Frame ID       $xx xx xx xx (four characters)
Size           $xx xx xx xx
Encoding       $xx
Flags          $xx xx
Text

Solution

I think this might actually be a ~~mistake~~ case of bad wording in the spec. I found two diagrams in the ID3v2 Chapter Frame Addendum showing examples of complete headers. That document describes two newly introduced frame types, which are not interesting to the question at hand. But fortunately, it also contains examples of embedded 'Title/Songname/Content description'-frame (TIT2) and 'Subtitle/Description refinement'-frame (TIT3), which are both text frames*:

enter image description here

According to the diagram, the Title frame (ID: TIT2) has the following structure: First the frame header:

Frame ID       $xx xx xx xx (four characters)
Size           $xx xx xx xx
Flags          $xx xx

which is then directly followed by ID-dependent fields:

Text encoding  $xx Information    
<text string according to encoding>

This layout makes the most sense to me.

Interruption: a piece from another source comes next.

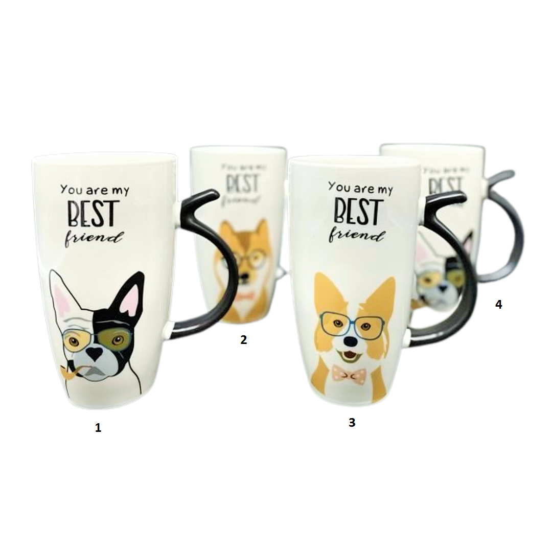 Κεραμική κούπα με καπάκι και σχέδια σκυλάκια.

If you still have doubts about the correct layout, you could check out the source of one of the existing implementations.

Sidenote: in the ID3v2.4.0 specification they changed the confusing sentence to.

Frames that allow different types of text encoding contains a text encoding description byte.

*_{Only frames that allow different types of text encoding have a text encoding description byte.
Unsurprisingly, most of these are text frames}